Кажется, я не чувствую ни рук, ни ног. Что это? Я умираю?
Ах, нет, чёрт возьми! Я же совершенно забыла подключить кинестетику. Из-за этого мозг не получает информации о положении тела и, соответственно, не способен ни поддержать позу, ни рассчитать точное движение.
Пожалуй, лучше, всё-таки, действовать по инструкции. Если бы я её хоть раз внимательно прочитала… Нет, я, конечно, честно пролистала её от начала и до конца! По диагонали… Оказывается, нужно было при этом ещё и читать текст.
Попробую осуществить подключение по порядку, оговоренному в документации. В той мере, в какой я успела этот порядок запомнить. Ввожу коды доступа к телесной чувствительности: проприоцептивная — пошла, кинестетическая — пошла, болевая — пошла, осязательная… Активирую остальные блоки восприятия: слух, обоняние, вкус…
Мозг взрывается миллиардами сигналов. Им пока нет названий, потому что я ещё не задействовала участок коры, ответственный за вербализацию. Воспроизвожу код.
Потоки чувственных восприятий смешиваются с потоком слов.
Я лежу на спине, раскинув руки, на чём-то просторном и мягком. Это кровать. Надо мной — деревянный потолок, тёплого светло-коричневого оттенка. К коже ласково льнёт что-то нежное, тонкое: батистовая нижняя рубашка. Каждый кусочек тела живёт своей жизнью. В камере из рёбер, позвоночника и грудины гулко ухает вечный двигатель — сердце. Я слышу присвистывающий шум крови, пробегающей через клапаны. Я чувствую ритмичное расширение и сжатие артерий. По обе стороны от двигателя, в более медленном темпе, вздуваются и опадают мехи: лёгкие. Упругие рёбра послушно смещаются в такт дыханию. Немного дальше, под мягкой передней стенкой живота, с бульканием переливается по трубам жидкое содержимое. Как будто клубок сонных змей лениво переваривает добычу… Клубок змей? Ну, да, почти так: свернувшийся в петли кишечник.
Какая какофония звуков и ощущений! Как люди умудряются сквозь неё разобрать, что происходит снаружи?
Хочу взглянуть на себя. Хочу увидеть своё новое тело. То есть, конечно, не совсем моё, а временно — на ближайший год, по земному времени…».

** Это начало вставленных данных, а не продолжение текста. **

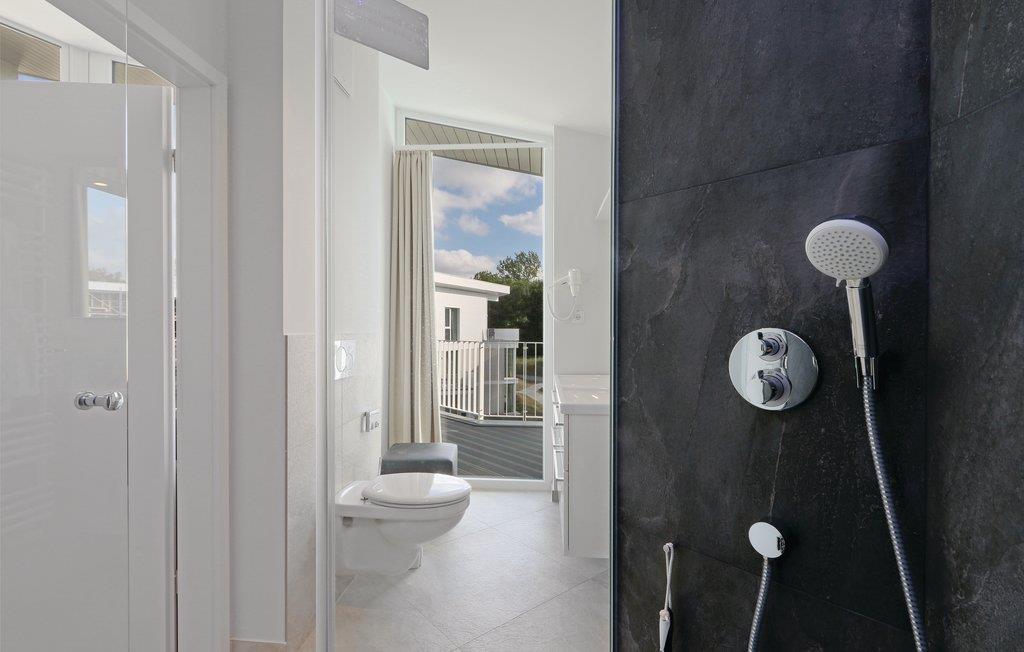 Badeværelset præsenterer sig som jeres helt eget wellnessområde med dampbad og dobbelt regnbruser.
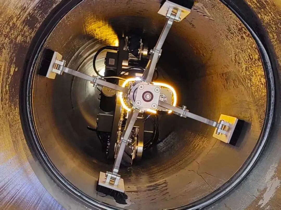 阳江核电研发的可越障管网检查和清洗机器人在厂区饮用水系统主管道首次试应用成功。该机器人采用麦克纳姆轮与蛇形结构的复合设计,可轻松应对管内淤泥、弯头、阀门等多种复杂环境,实现多管径灵活适应与无障碍通行;搭载自动对焦高清摄像头与激光雷达传感器,能对管网内部进行全方位高清扫描,搭配可旋转雨刷与机械臂协同作业单元,扫清视觉与操作盲区,为后续作业奠定坚实基础。

В уютной спаленке на втором этаже городского дома лежала на постели юная девушка. Был тот таинственный час слияния дня и ночи, когда на горизонте догорают розоватые отсветы скрывшегося светила, а изо всех углов выползают, разрастаясь, тени, чтобы своим движением вдохнуть подобие жизни в неживые предметы. Девушка неуверенно шевельнулась. Она подняла тонкую изящную ручку и поднесла кисть к лицу. Минуты две удивлённо взирала на свою ладонь. Потом медленно села на кровати, свесив ноги. Все её движения, которых она и совершить-то успела совсем немного, казались угловатыми и неловкими, как будто она несколько лет пролежала в расслаблении, а теперь внезапно снова обрела контроль над телом.
Девушка опустила глаза к полу и быстро зажмурилась. Её пальцы вцепились в край кровати, словно она была на краю горного обрыва, а не в полуметре над твёрдой поверхностью. Переждав накатившее головокружение, девушка опасливо приоткрыла один глаз. Затем второй. Дыхание больше не сбивалось, а сердце работало вполне ровно.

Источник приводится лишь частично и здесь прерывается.